Reflecting on research methods

I've noticed, especially these past couple of days, that my research work is becoming more and more of a struggle. I seem to be scouring books and websites for hours on end without really coming back with anything to show for it, and I think it's because I'm unfocused. I'm worrying too much about what I think I should be reading or writing down. Rather than working as I normally would I'm very aware of the fact that people will be looking at it and constantly asking myself if it's what they want to see, or if it's "right." It is, of course, hugely important to consider things like assessment criteria and presentation, but it's getting to the point where I'm too afraid to write anything down in case it's "wrong" — which is totally counterproductive!

I've decided to try and re-evaluate the way I carry out my research and development work by creating a basic research template for myself and highlighting key bits of information I should be looking for. It's easy to get lost in a sea of sources when you don't really know what it is you're supposed to be looking for — worrying which bits I should and shouldn't be looking at, wondering whether this is important or that's important — but by reminding myself of exactly what I need to pick out, I should be able to carry out research much more efficiently.

What I really need to know is —

who I'm looking at
what they did
why and how they did it

What key dates are there in the artist's history? What years were they active? What are their notable publications?  What exhibitions have they been in?
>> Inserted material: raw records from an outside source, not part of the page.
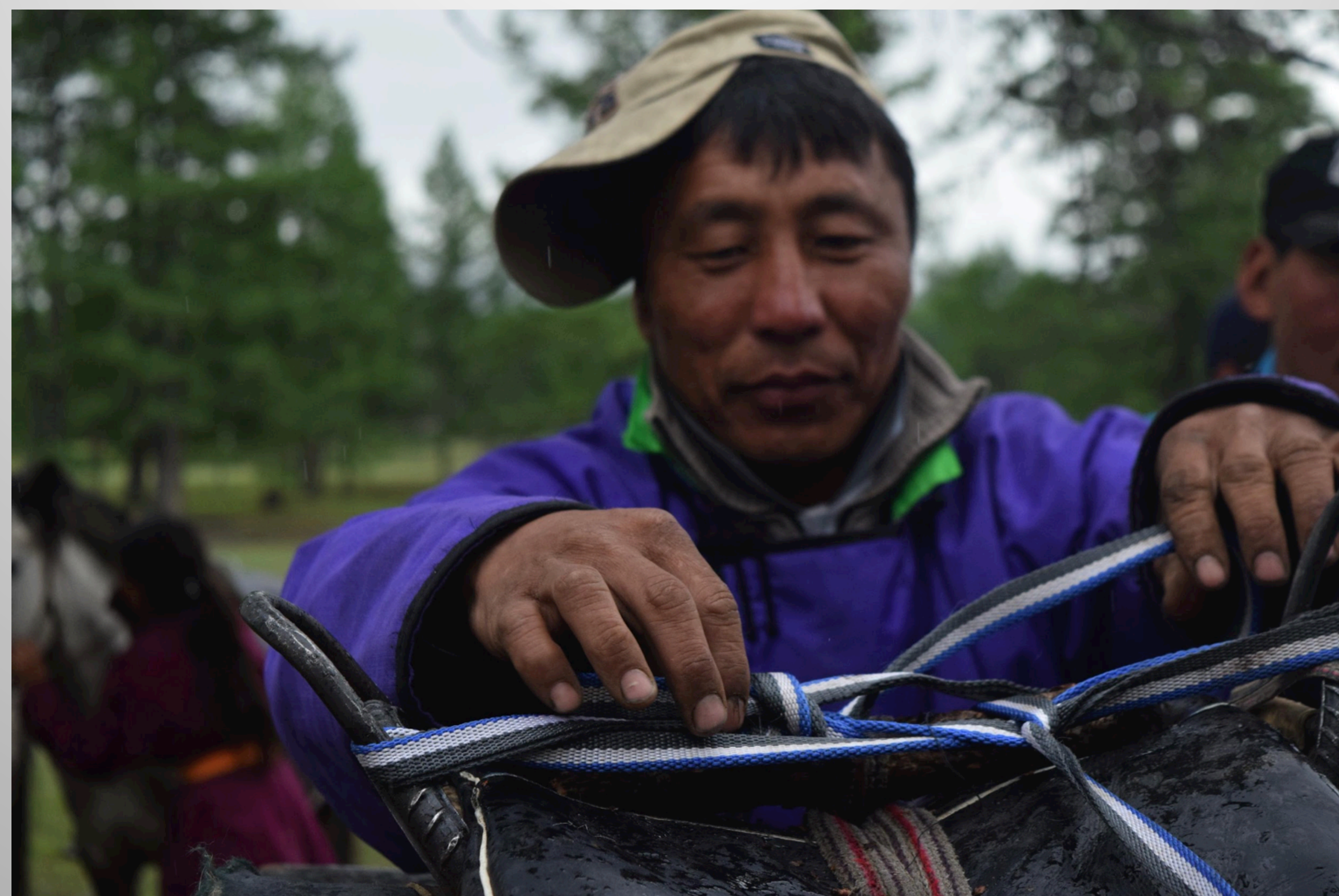
A ranger demonstrates how to pack a horse in Ulaan Uul, Mongolia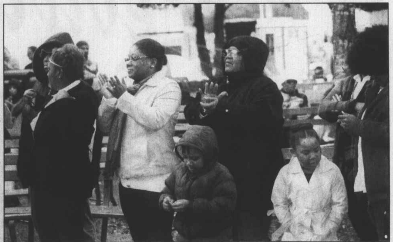
Members of the community both young and old enjoy the 2015 Gospel Fest on Sunday, Oct. 4.

The Gospel Fest will continue next weekend on Sunday, Oct. 11 at 3 p.m. at the Dixie Classic Fair, and with better weather a larger crowd is expected.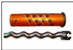
Rotor, stator (pump core)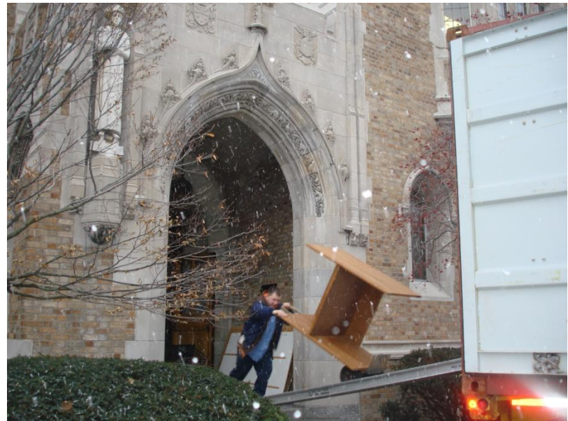
Loading for shipment to Haiti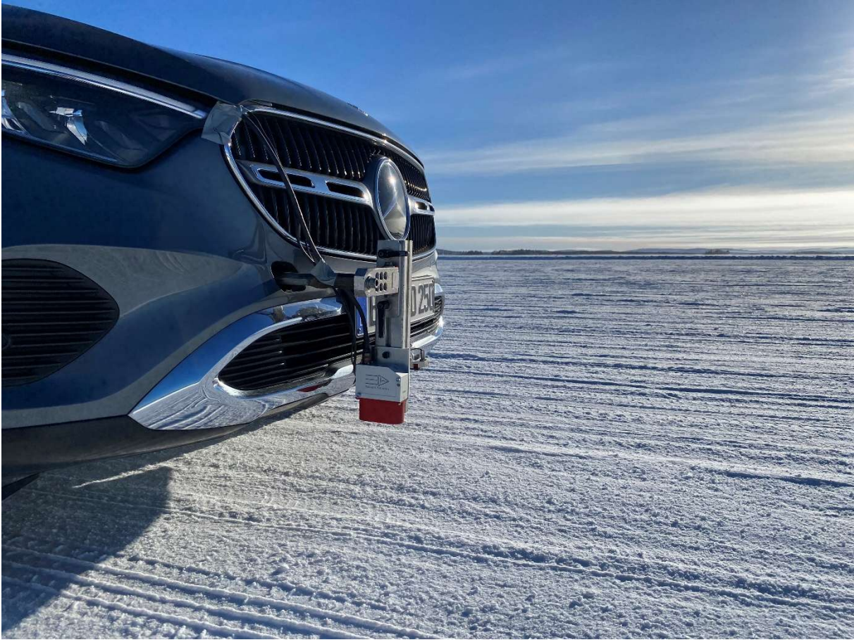
Figure 2: The OMS 7 Sensor Mounted on the Tow Hook of a Mercedes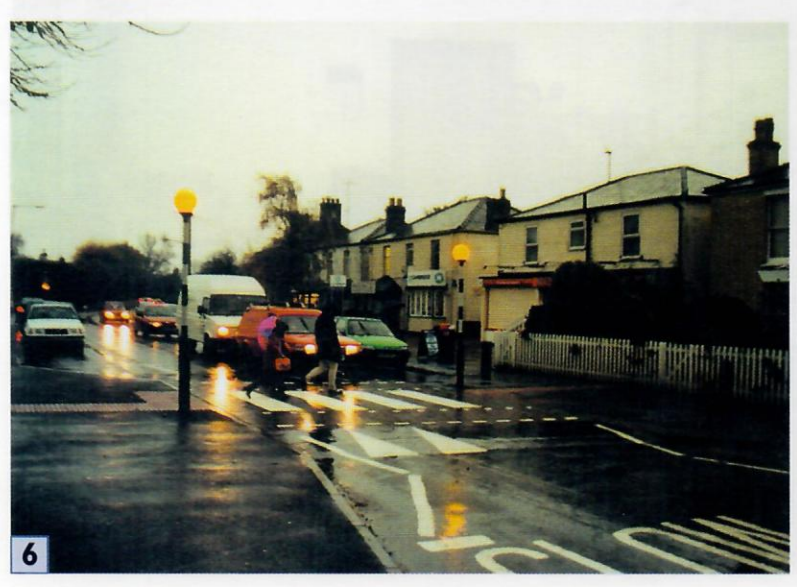
23/11/2000 15:30 ARH

It all sounds tremendously obvious and probably just fundamental skills I should know already, but I often find myself feeling very overwhelmed by the amount of information available. A lot of it is often influenced by the author's own opinions so it can sometimes be difficult to pick out the important and factual information. A lot of things are simply made to sound important because they've moved the author in some way, meaning I tend to 'not get it' and worry that maybe I've missed something.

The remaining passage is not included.